The practice has rocketed to the top of consumer telephone service complaints in past years, becoming a top priority of regulators and legislators in Washington. The FCC receives more than 20,000 slamming complaints a year, staffers say.
Under the commission's new rules, consumers who have been switched without giving their permission will not have to pay the offending company any long distance charges for 30 days. If customers still aren't switched back to their original service provider after that time, they would be able to pay their old carrier--at their old rates--for the switched service.
The commission also laid down new rules that will make it more difficult for slammers to change a customer's service from the outset.
In order to switch a customer legally, companies now must have either a written letter authorizing the change, third party verification of the request, or have the customer contact a toll-free number on their own.
AT&T, which is the largest provider of long distance service in the country, welcomed the news. But officials said they still would like to see the commission or other policymakers go even farther.
"We think what the commission did is absolutely the right thing to do," said AT&T spokesman Wayne Jackson. "It's a step in the right direction.

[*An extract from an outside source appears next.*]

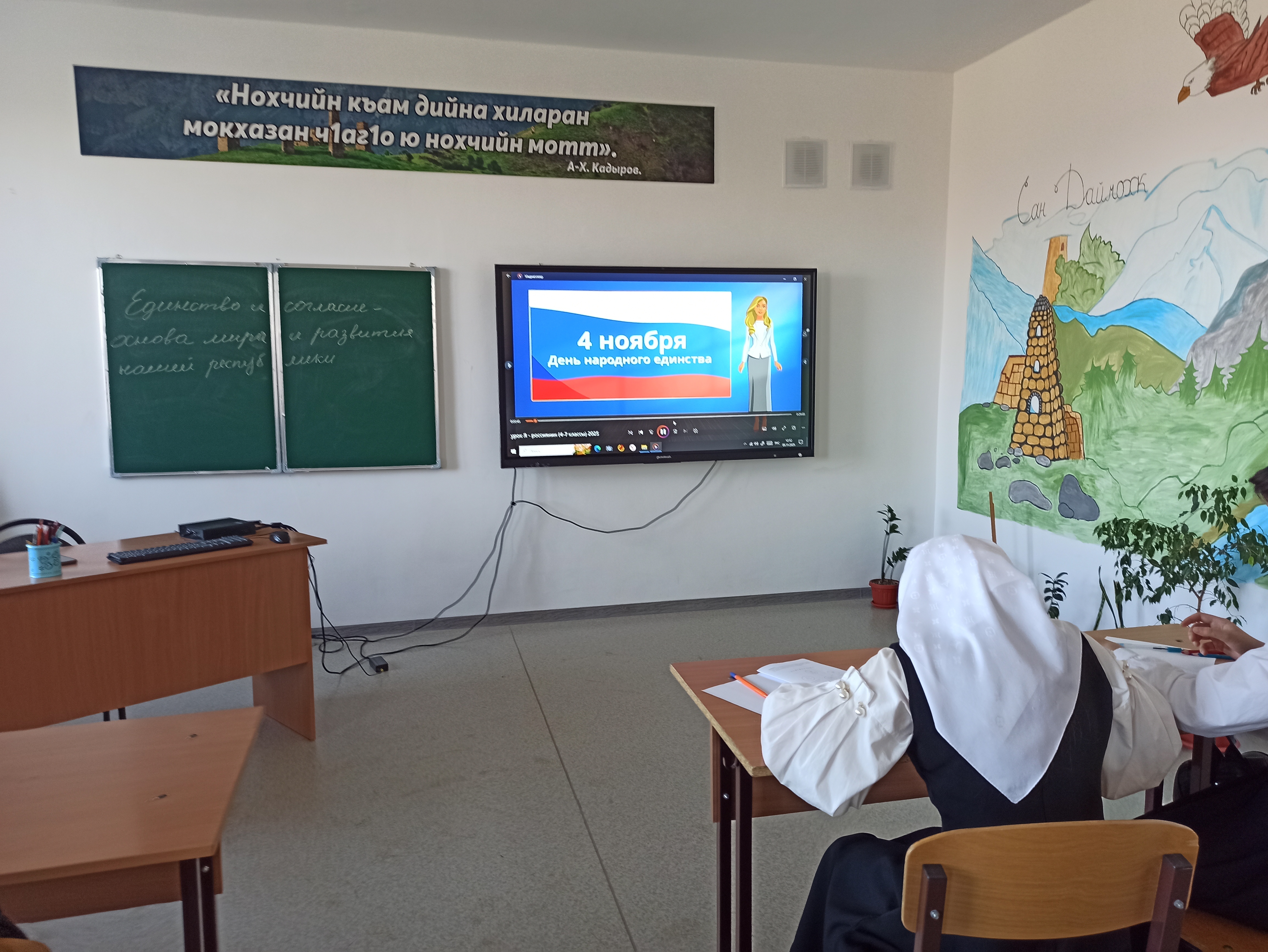 05.11.2025В связи с празднованием Дня народного единства Российской Федерации (4 ноября) и участия в Акции "Я-россиянин" классный руководитель 6 класса провела классный час с целью патриатического воспитания молодежи. В ходе подготовки к мероприятию классный руководитель зарегистрировалась на официальном сайте и подготовила видеоматериал и распечатала тетради для учащихся. А также акцент делался на то, что в Чеченской Республике на протяжении многих лет отсутствуют межнациональные и межконфессиональные разногласия, сохраняются мир и взаимопонимание.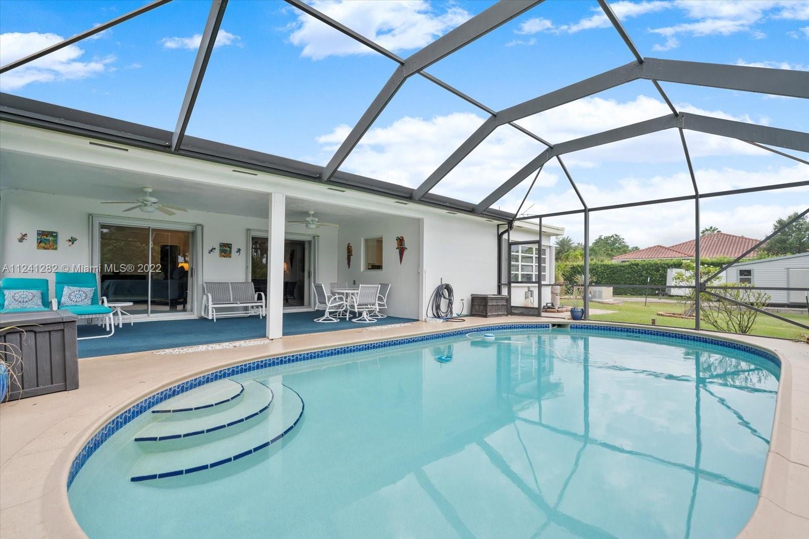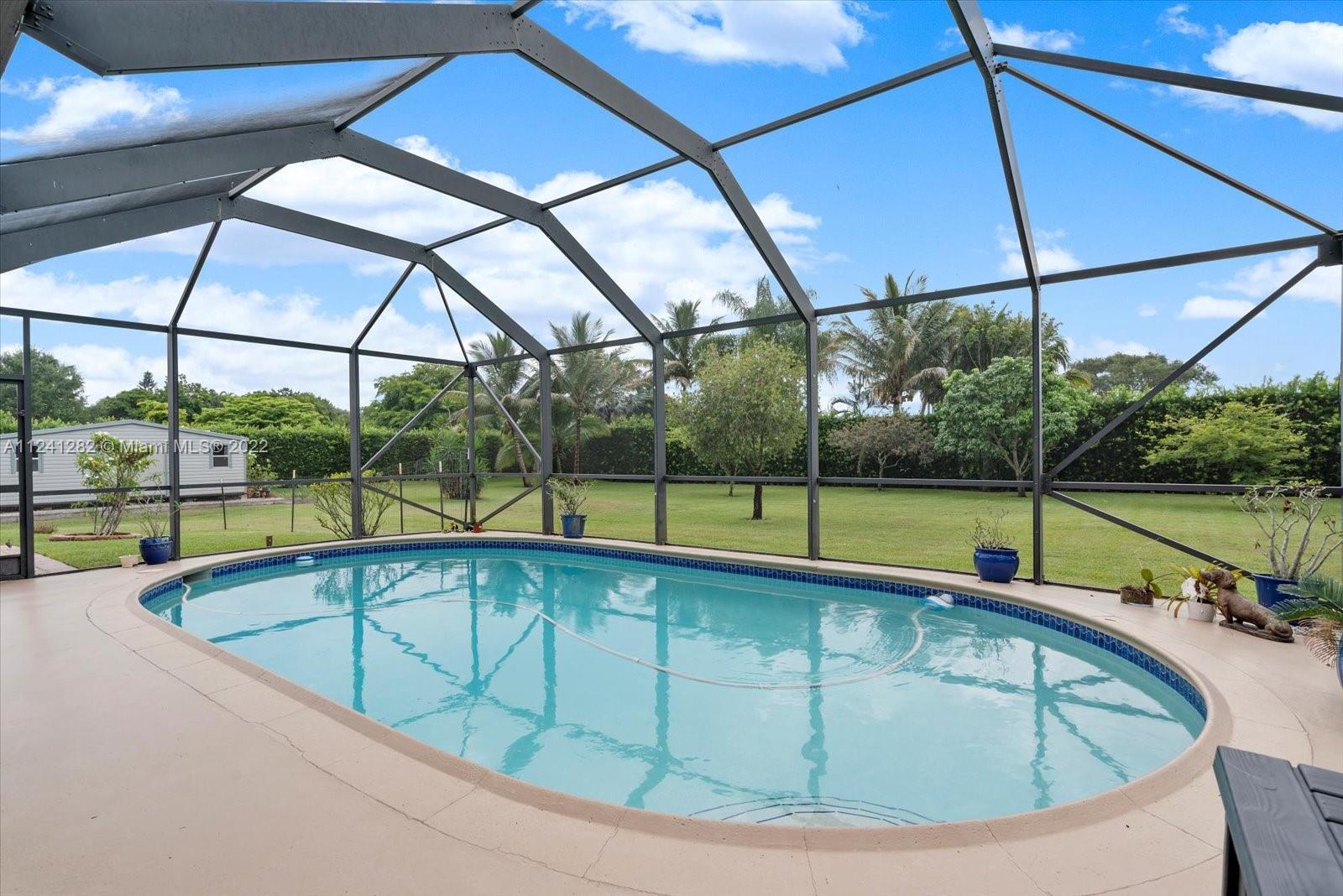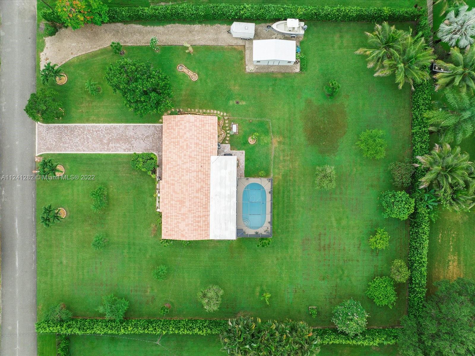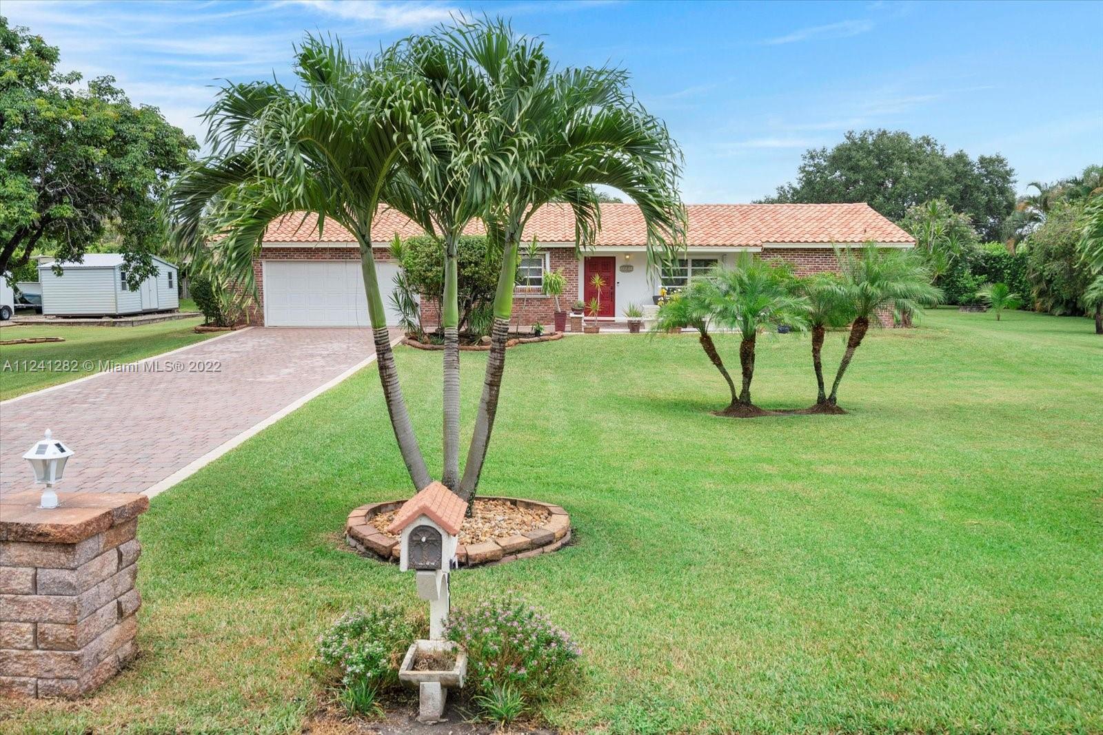 Stunner one-acre lot in Davie offers plenty of space to expand this cozy 2 bedrooms 2 bathrooms single family with screened pool. The one-story home has split floor plan, master bedroom with walking closet, hurricane impact windows, accordion shutters and impact doors. The screened backyard area offers a separate covered area so you can enjoy the pool without getting sunburned. The oversized lot features lush tropical landscaping, with fruit trees including coconut and mango trees. Storage Shed 24x12 offers extra storage space/workshop. 2 Car garage and super long driveway fit up to 6 cars and additional space to park your boat, RV, or trailer. No HOA! A hardwired generator for the whole home. New A/C, pool equipment and water softener. A+ schools. Close to I-595, restaurants, and shopping

But next, we need to change the structure of the industry that allows slamming to happen."
In order to stamp out practices like slamming entirely, all changes to a customers' long distance service should be channeled though a third-party service, as well as simply being verified by a third party, Jackson said.
AT&T and the other large providers have paid close attention to the issue, as the Baby Bells gear up to enter the long distance market, creating formidable new competitors on the horizon for the long distance companies.
The FCC's new rules will go into effect next March. The action comes one day after the commission levied a $1.2 million fine against a New Jersey company accused of slamming customers in several states.